● SUPPLIED INFORMATION
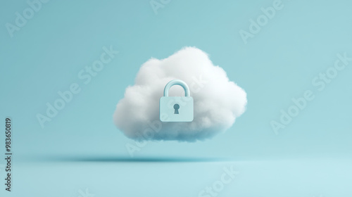 A lock icon hovering over cloud symbolizes secure data storage and protection in digital realm. This image conveys sense of safety and reliability in cloud computing
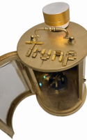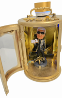The piece includes a custom-built showcase with a gold metallic finish and decorative top handle, creating an eye-catching presentation suitable for a collector, supporter, or donor looking for something truly distinctive.
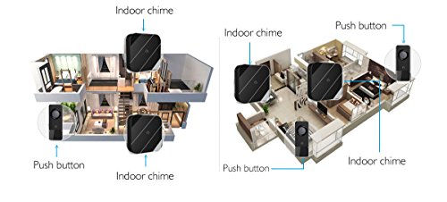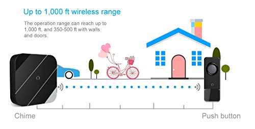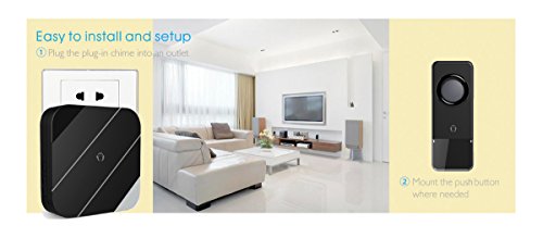 -. Feature : Easy Set Up: Broken doorbells are hard to replace. With Chimptron's energy-saving wireless doorbell, installation is simple. Our receiver and transmitter are pre-paired for installation. / 52 chimes (16 chord) to choose from and 4 steps volume control (25~110dB). / IP44 waterproof transmitter with soft silicon press button, it is able to withstand rain or shine. / With up to 1,000 ft operating range in open space, 350-500 ft audible range. / Easy to choose your change and select your favorite ringtone with forward and backward button.

● TASK INSTRUCTIONS
Set out nothing but the lines from the line with "The piece includes" through the end of the material, reproduced exactly, both ends included, pictures omitted.

● WRITTEN RESPONSE
The piece includes a custom-built showcase with a gold metallic finish and decorative top handle, creating an eye-catching presentation suitable for a collector, supporter, or donor looking for something truly distinctive.
 -. Feature : Easy Set Up: Broken doorbells are hard to replace. With Chimptron's energy-saving wireless doorbell, installation is simple. Our receiver and transmitter are pre-paired for installation. / 52 chimes (16 chord) to choose from and 4 steps volume control (25~110dB). / IP44 waterproof transmitter with soft silicon press button, it is able to withstand rain or shine. / With up to 1,000 ft operating range in open space, 350-500 ft audible range. / Easy to choose your change and select your favorite ringtone with forward and backward button.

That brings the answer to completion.